- [Assigned task]: Beneath this line are entries. Copy the range from the line with "Behind the wheels" to the line with "Branchen & Suchbegriffe", ends included, exactly; leave pictures out.

- [Raw data]:
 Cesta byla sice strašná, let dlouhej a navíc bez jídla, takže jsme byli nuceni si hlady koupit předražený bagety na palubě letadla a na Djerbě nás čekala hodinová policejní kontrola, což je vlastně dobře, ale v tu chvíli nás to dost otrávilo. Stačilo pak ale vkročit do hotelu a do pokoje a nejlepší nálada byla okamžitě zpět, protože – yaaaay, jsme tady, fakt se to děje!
--
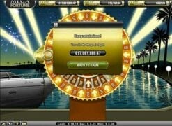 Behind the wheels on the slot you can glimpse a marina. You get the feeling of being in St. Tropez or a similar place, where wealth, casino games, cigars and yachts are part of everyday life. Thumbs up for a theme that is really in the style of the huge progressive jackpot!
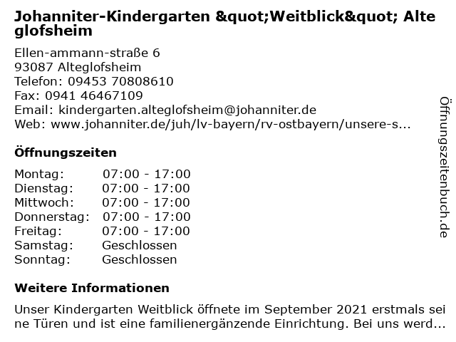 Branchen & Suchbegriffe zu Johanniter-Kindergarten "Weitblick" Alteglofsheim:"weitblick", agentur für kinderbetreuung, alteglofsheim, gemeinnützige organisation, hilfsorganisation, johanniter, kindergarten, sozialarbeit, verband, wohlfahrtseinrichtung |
---
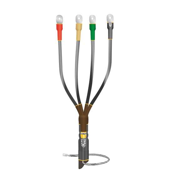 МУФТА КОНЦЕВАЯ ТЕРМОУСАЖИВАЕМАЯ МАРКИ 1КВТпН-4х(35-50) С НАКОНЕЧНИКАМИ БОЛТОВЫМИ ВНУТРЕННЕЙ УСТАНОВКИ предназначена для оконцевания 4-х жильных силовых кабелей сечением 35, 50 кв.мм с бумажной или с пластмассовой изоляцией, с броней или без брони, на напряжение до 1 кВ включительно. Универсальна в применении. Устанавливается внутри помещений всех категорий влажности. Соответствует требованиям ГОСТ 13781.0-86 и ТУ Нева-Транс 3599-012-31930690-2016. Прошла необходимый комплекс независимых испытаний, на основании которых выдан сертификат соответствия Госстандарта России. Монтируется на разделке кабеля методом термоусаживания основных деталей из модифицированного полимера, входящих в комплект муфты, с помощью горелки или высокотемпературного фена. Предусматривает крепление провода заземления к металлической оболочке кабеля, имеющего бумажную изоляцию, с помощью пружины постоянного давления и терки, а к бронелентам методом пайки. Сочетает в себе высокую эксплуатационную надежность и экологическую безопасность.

- [Response to the exercise]:
 Behind the wheels on the slot you can glimpse a marina. You get the feeling of being in St. Tropez or a similar place, where wealth, casino games, cigars and yachts are part of everyday life. Thumbs up for a theme that is really in the style of the huge progressive jackpot!
 Branchen & Suchbegriffe zu Johanniter-Kindergarten "Weitblick" Alteglofsheim:"weitblick", agentur für kinderbetreuung, alteglofsheim, gemeinnützige organisation, hilfsorganisation, johanniter, kindergarten, sozialarbeit, verband, wohlfahrtseinrichtung |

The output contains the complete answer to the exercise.